■ **PROVIDED DATA**
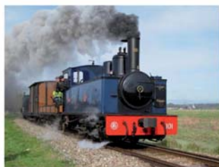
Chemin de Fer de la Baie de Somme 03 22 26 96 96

---

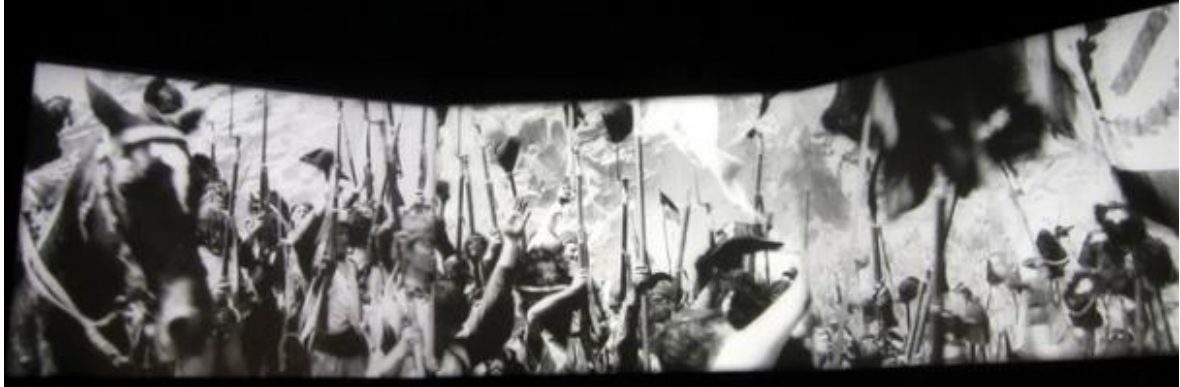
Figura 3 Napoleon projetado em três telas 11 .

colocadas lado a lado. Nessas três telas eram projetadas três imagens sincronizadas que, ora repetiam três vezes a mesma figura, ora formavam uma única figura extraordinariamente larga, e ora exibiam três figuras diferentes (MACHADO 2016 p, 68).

* * *

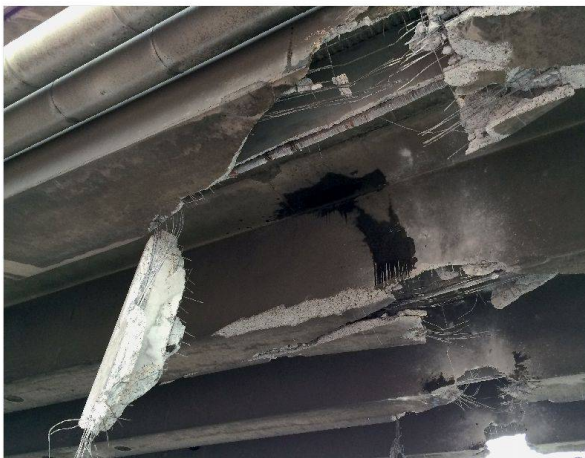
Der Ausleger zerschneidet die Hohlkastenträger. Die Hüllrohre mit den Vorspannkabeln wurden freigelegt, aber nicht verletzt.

■ **PROBLEM DETAILS**
Would you print exactly and only the lines of the material above that run from the line with "Figura 3 Napoleon" through the line with "colocadas lado a", both included?

■ **WRITTEN ANSWER**
Figura 3 Napoleon projetado em três telas 11 .

colocadas lado a lado. Nessas três telas eram projetadas três imagens sincronizadas que, ora repetiam três vezes a mesma figura, ora formavam uma única figura extraordinariamente larga, e ora exibiam três figuras diferentes (MACHADO 2016 p, 68).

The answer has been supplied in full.